Task requirements: Using the records that follow, reproduce exactly the lines starting at the line containing "Christmas Pet and" and ending at the line containing "小乔青蛇,大乔白蛇,瑶遇见神". Include both end lines and no pictures.

Extracted data:
··········

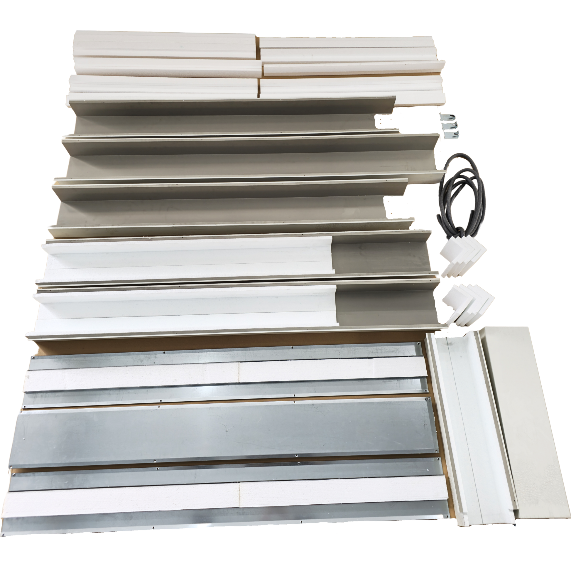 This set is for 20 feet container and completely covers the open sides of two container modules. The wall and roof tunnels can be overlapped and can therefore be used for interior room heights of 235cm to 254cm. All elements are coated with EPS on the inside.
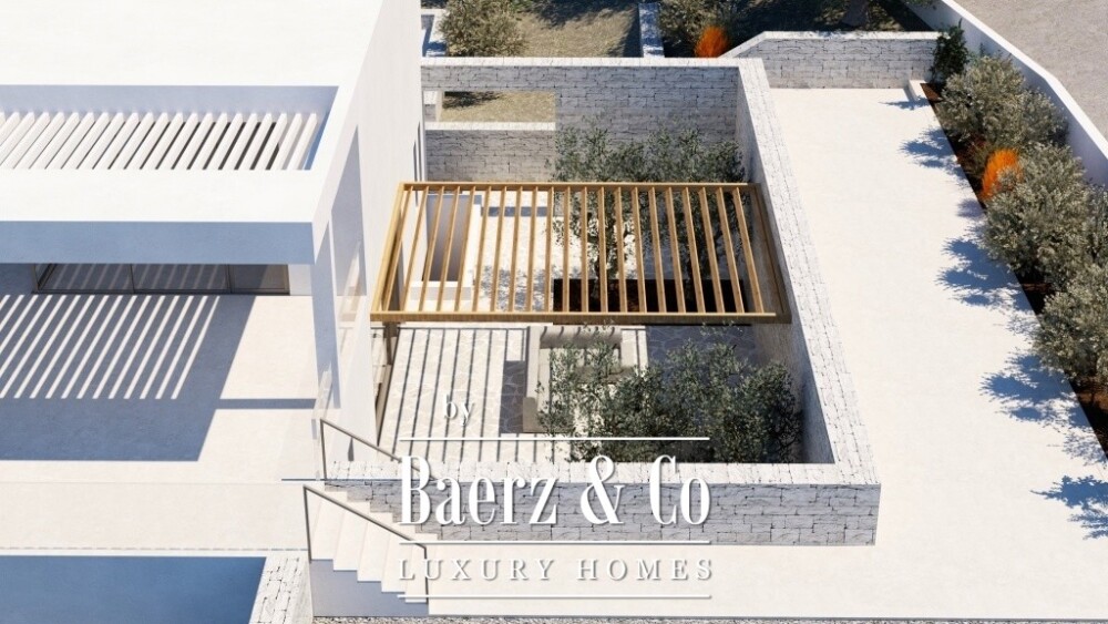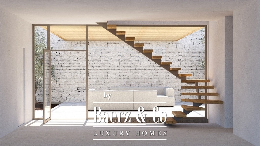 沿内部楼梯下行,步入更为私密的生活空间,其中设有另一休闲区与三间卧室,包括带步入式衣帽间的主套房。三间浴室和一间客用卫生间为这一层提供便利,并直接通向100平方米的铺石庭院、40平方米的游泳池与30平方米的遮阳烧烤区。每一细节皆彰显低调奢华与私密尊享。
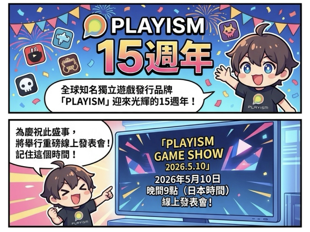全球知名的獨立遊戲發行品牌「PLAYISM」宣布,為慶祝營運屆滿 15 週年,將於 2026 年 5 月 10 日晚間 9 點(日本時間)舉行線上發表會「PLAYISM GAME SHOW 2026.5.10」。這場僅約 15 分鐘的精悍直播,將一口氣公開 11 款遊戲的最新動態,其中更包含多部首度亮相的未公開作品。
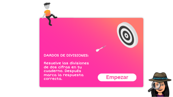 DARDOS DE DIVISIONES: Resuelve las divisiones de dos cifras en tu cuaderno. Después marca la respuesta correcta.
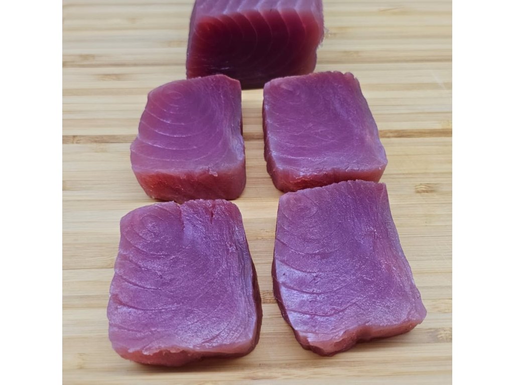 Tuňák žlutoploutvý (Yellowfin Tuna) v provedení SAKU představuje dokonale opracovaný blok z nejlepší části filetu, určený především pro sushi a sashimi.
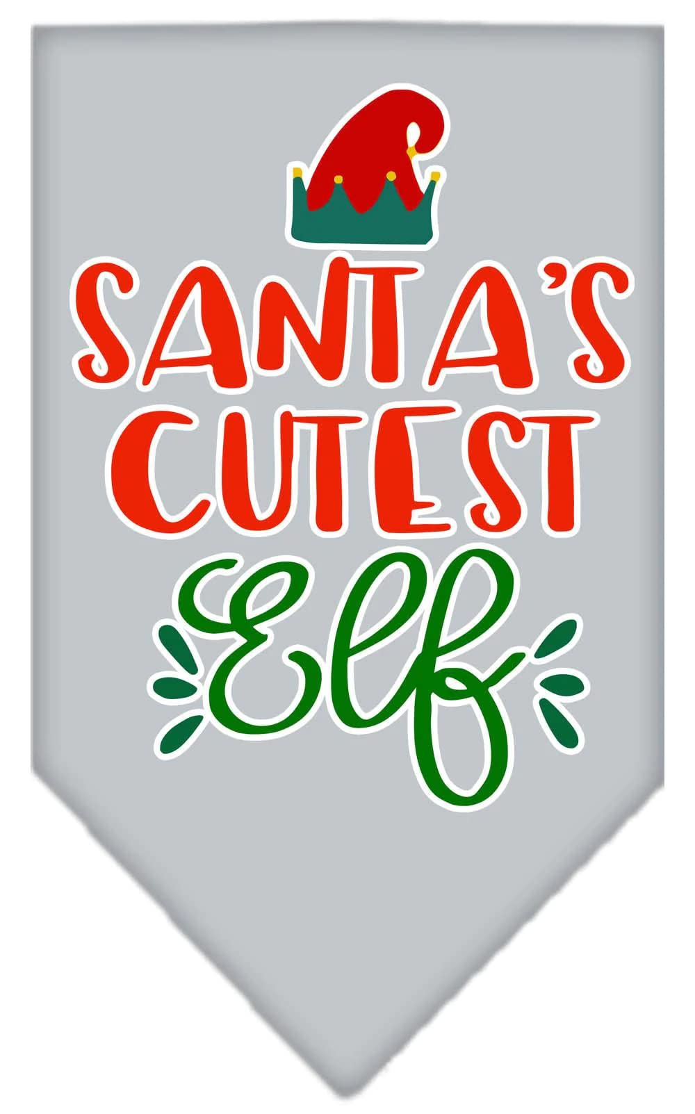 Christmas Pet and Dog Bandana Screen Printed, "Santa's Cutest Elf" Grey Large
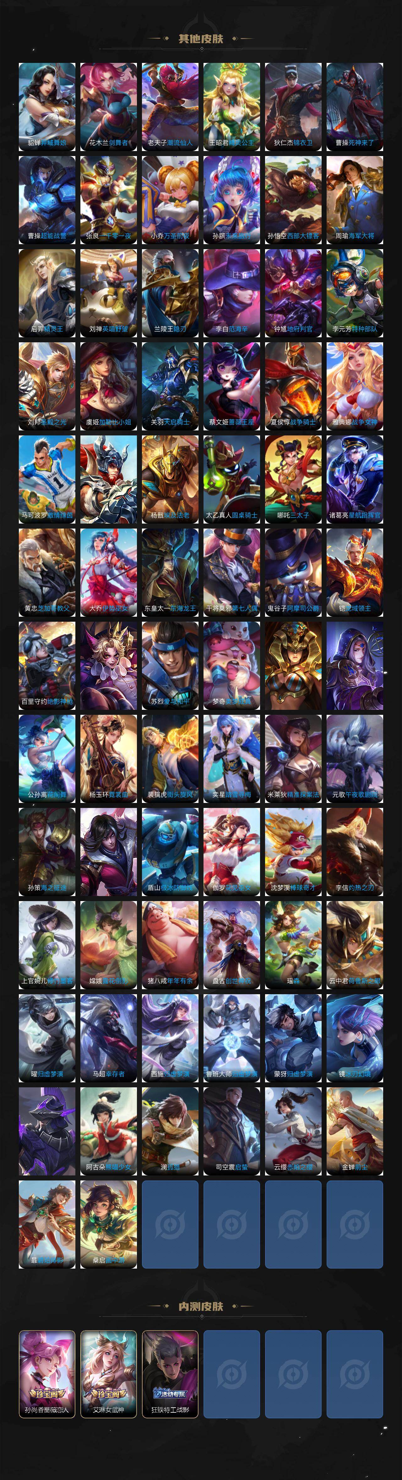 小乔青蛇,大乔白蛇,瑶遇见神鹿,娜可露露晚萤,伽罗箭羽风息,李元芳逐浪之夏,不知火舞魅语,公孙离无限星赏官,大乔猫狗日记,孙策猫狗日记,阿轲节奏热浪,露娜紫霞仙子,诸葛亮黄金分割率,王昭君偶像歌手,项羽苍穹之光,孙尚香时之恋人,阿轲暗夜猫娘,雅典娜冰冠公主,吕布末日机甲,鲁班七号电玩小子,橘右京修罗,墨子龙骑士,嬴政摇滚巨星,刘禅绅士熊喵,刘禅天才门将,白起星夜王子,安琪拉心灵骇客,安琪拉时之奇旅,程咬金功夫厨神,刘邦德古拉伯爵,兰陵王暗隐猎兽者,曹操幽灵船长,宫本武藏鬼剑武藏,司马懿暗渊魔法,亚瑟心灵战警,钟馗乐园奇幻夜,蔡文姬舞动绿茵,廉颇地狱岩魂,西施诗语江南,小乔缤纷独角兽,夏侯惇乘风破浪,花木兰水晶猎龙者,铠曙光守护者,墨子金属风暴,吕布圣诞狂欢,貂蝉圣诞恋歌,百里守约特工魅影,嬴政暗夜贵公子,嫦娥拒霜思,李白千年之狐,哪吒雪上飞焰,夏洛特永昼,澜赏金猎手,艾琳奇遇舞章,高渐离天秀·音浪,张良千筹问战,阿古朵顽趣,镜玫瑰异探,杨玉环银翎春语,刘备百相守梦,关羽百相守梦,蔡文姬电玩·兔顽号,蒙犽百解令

··········

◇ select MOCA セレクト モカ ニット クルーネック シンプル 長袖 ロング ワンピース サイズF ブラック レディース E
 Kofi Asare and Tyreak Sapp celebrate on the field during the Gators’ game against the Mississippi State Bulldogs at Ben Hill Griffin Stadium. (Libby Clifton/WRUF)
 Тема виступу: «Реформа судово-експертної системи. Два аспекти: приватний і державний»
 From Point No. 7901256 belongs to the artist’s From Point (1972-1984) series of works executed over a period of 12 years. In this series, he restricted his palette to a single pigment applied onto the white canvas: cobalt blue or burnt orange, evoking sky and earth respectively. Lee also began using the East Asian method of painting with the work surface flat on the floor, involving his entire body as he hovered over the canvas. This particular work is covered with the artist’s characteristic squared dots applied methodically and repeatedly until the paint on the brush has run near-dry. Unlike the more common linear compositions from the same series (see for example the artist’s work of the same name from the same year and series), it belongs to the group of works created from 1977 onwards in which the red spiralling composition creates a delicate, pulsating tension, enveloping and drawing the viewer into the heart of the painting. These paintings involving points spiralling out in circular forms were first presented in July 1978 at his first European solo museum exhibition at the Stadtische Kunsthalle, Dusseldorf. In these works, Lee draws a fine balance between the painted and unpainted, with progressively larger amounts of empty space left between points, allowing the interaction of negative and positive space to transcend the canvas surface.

··········

Response area:
 Christmas Pet and Dog Bandana Screen Printed, "Santa's Cutest Elf" Grey Large
 小乔青蛇,大乔白蛇,瑶遇见神鹿,娜可露露晚萤,伽罗箭羽风息,李元芳逐浪之夏,不知火舞魅语,公孙离无限星赏官,大乔猫狗日记,孙策猫狗日记,阿轲节奏热浪,露娜紫霞仙子,诸葛亮黄金分割率,王昭君偶像歌手,项羽苍穹之光,孙尚香时之恋人,阿轲暗夜猫娘,雅典娜冰冠公主,吕布末日机甲,鲁班七号电玩小子,橘右京修罗,墨子龙骑士,嬴政摇滚巨星,刘禅绅士熊喵,刘禅天才门将,白起星夜王子,安琪拉心灵骇客,安琪拉时之奇旅,程咬金功夫厨神,刘邦德古拉伯爵,兰陵王暗隐猎兽者,曹操幽灵船长,宫本武藏鬼剑武藏,司马懿暗渊魔法,亚瑟心灵战警,钟馗乐园奇幻夜,蔡文姬舞动绿茵,廉颇地狱岩魂,西施诗语江南,小乔缤纷独角兽,夏侯惇乘风破浪,花木兰水晶猎龙者,铠曙光守护者,墨子金属风暴,吕布圣诞狂欢,貂蝉圣诞恋歌,百里守约特工魅影,嬴政暗夜贵公子,嫦娥拒霜思,李白千年之狐,哪吒雪上飞焰,夏洛特永昼,澜赏金猎手,艾琳奇遇舞章,高渐离天秀·音浪,张良千筹问战,阿古朵顽趣,镜玫瑰异探,杨玉环银翎春语,刘备百相守梦,关羽百相守梦,蔡文姬电玩·兔顽号,蒙犽百解令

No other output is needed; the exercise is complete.